Finding Dory (2016) – movie review

finding dory

Finding Nemo 2 (or Finding Dory as they insist on making me call it) is about Dory, the same forgetful fish from Finding Nemo which was released 13 years ago. Now I feel old.

Finding Dory follows Dory as she searches for her parents in a Marine Life Institute (above ground) after remembering that they’re the reason she’s alone in the ocean.

I was quite fearing that Finding Dory would become another victim to sequel-itis (sequel-itis: a movie sequel whose story is a complete re-hash of it’s predecessor but produced with lesser quality) but thankfully it isn’t.

Finding Dory doesn’t re-produce the story from Finding Nemo as much as it produces an entirely new concept. Finding Dory shouldn’t even be called Finding Dory, it should be called Dory Finding because it really is more about her journey with a whole new set of characters and circumstances.

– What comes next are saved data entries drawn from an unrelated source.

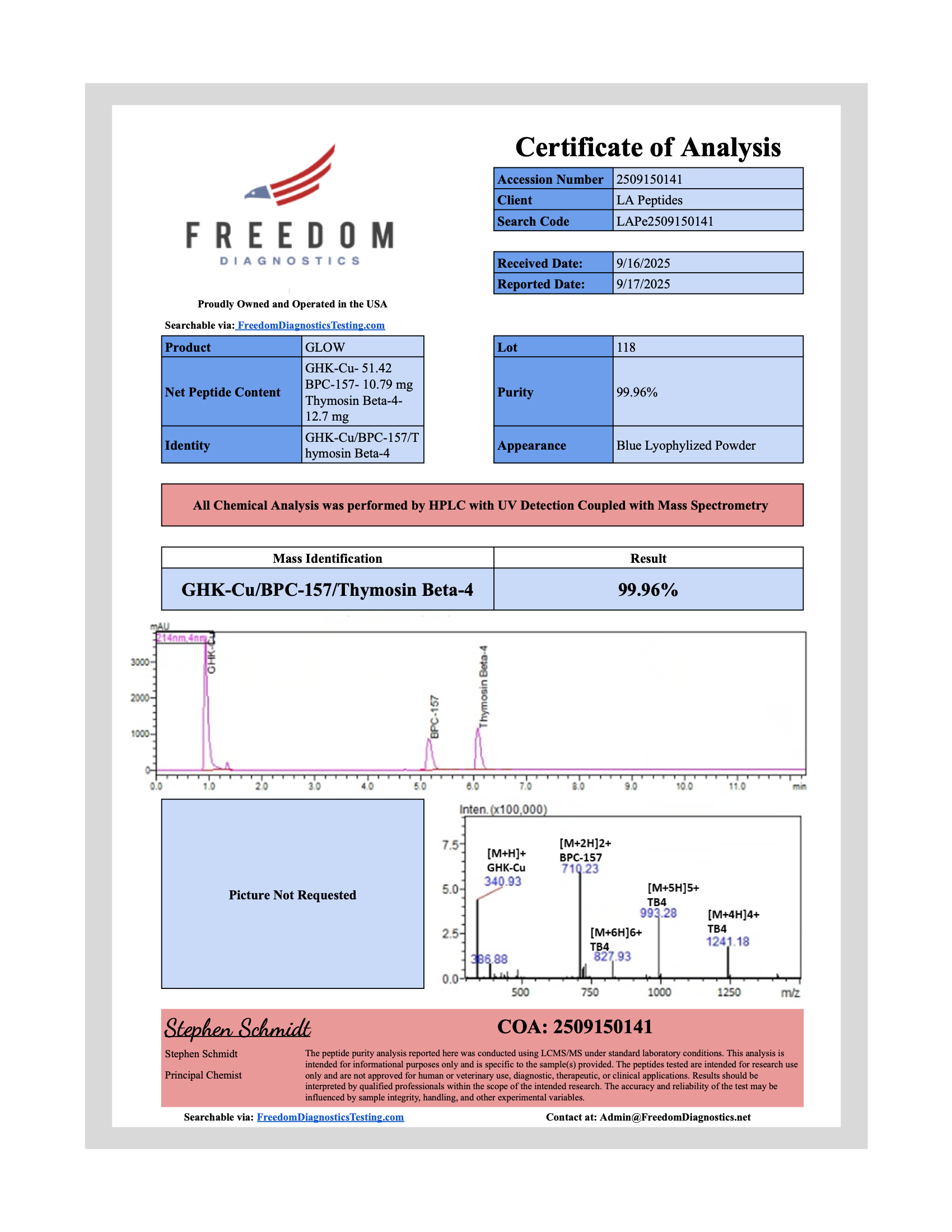 GLOW is a proprietary multi-peptide research blend composed of GHK-Cu (50MG), BPC-157 (5MG), and TB-500 (10MG), formulated for synergistic in vitro and in vivo study of cellular signaling, tissue regeneration, angiogenesis, and peptide-receptor interactions. This product is supplied as a lyophilized powder and is intended strictly for research purposes only.
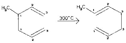 Abb.17b: Beispiel einer Cope-Umlagerung: 3-Methyl-1,5-hexadien wandelt sich bei 300 C in 1,5-Heptadien um (nach
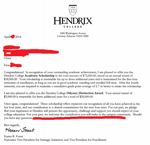 4月20日,早晨一打開郵箱,映入我們眼簾的便是Kate同學的offer,打開郵件,結果讓我們大吃一驚。Hendrix admitted!9萬2千美金的獎學金!除了激動還是激動...
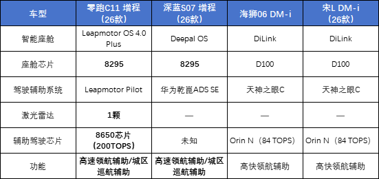 因此从硬件和场景覆盖来看,深蓝S07和零跑C11实力显然更强,相对比亚迪阵营的2位选手具有优势。而总体来看,零跑C11的激光雷达则是在硬件层面表现更好,所以智能化这一环它算是胜者。

With a new journey, Dory’s journey, comes more room for emotional development, which this movie attempts to use as much as possible. The film ties Dory’s backstory into the beginning of Finding Nemo and I thought that was cool but not incredible. It was like the end of the final Hobbit movie which attempts to tie into the first Lord of the Rings, sure it was fun but was that planned from the beginning? I don’t think so. I think they wrote the tie-in with hopes that it would cause instant nostalgia.

I can understand how Finding Dory could be emotionally impactive for some other viewers but it wasn’t for me. In fact for me, Finding Dory was a lot lighter than Finding Nemo, so much lighter that I felt zero conflict.

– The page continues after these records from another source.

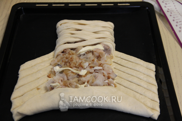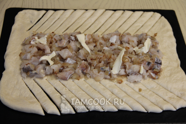 Оставшиеся пустые края теста нарезать на полоски шириной 1,5 см. Поверх рыбной начинки выложить кусочки масла.
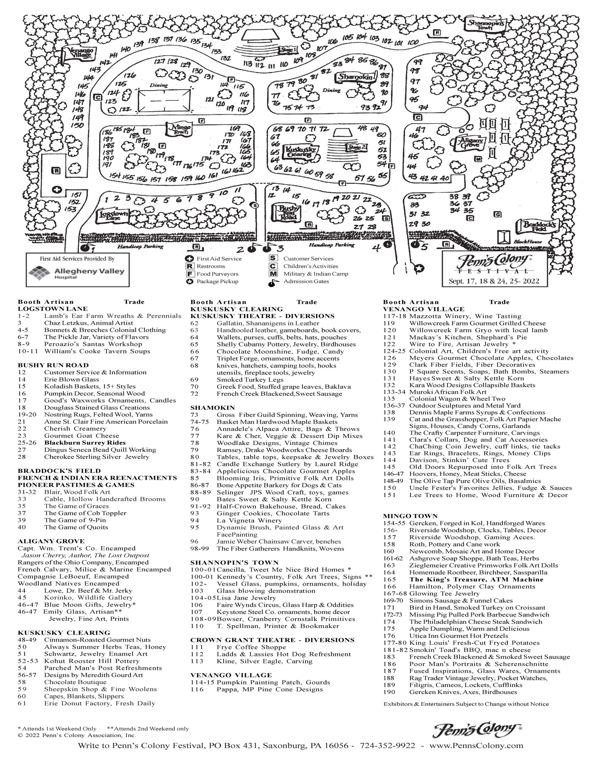 If you are seeking information for a specific artisan, please contact us at info@pennscolony.com or call at 724-352-9922.
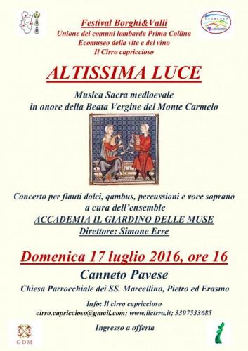 Domenica 17 luglio, alle ore 16 si terrà il concerto "Altissima Luce", organizzato in collaborazione con il festival Borghi&Valli.Si tratta di un concerto di musica sacra medioevale, in onore della Beata Vergine del Carmelo, patrona di Canneto Pavese, realizzato dall'Accademia IlGiardino delle Muse: Giorgia Conterno, voce sopranoValerio Febbroni, flauti dolciFlavio Spotti, percussioniTiziana Armonia Azzone, liutoSimone Erre, flauti dolci e direzione Saranno eseguiti brani di autori e anomini medioevali italiani, spagnoli einglesi, tra monodie, polifonie e danze popolari.La musica nel Medioevo scandiva la vita dei monaci e del clero in generale,veniva insegnata presso le università, faceva parte della sfaccettata vitadi corte, sanciva tutti i rituali della vita civile e, non ultimo, venivaeseguita nei pellegrinaggi. Questo repertorio racconta una sipritualità vissuta con gioia, nell'anima enel corpo, una fede assoluta, una fede scolpita nella pietra. Il sensoieratico di queste musiche ricorda le cattedrali romaniche con la lorospiritualità profonda e quelle gotiche con le sue altezze e durezzevertiginose.Il Giardino delle Muse è un ensemble di musicisti i cui compiti principalisono la diffusione della musica antica e la promozione di iniziativedidattiche legate al mondo della musica medievale, rinascimentale e barocca.

However, having zero conflict is only a problem if a film fails to entertain any other way and Finding Dory entertained greatly. It had lots of humour, the story was enjoyable and the characters were fun. This film does throw back to some characters from the previous film but it mostly uses characters newly created.

Being set in the ocean, one can assume that Finding Dory will have a barrage of characters and there are. But one that stood out for me was Hank, the ill-tempered red octopus who is hoping to escape from the Marine Life Institute.

Hank was voiced by Ed O’Neill (A.K.A. Jay from Modern Family) and he is voiced brilliantly. I instantly recognised the voice but as the film progressed, I forgot that I knew the actor and I felt that I was listening to Hank.

As well as Ed O’Neill, the rest of the cast is great. Ellen Degeneres reprises her role as the titular blue tang fish and she returns with the same sense of forgetfulness in her voice that made the original film great. The same goes for every other voice actor who voices new and returning characters.

The animation is as clear and colourful as Finding Nemo, the voice acting is still as great and the story is entertaining and light as well as original.

I enjoyed Finding Dory very much and I certainly wouldn’t oppose to watching it again.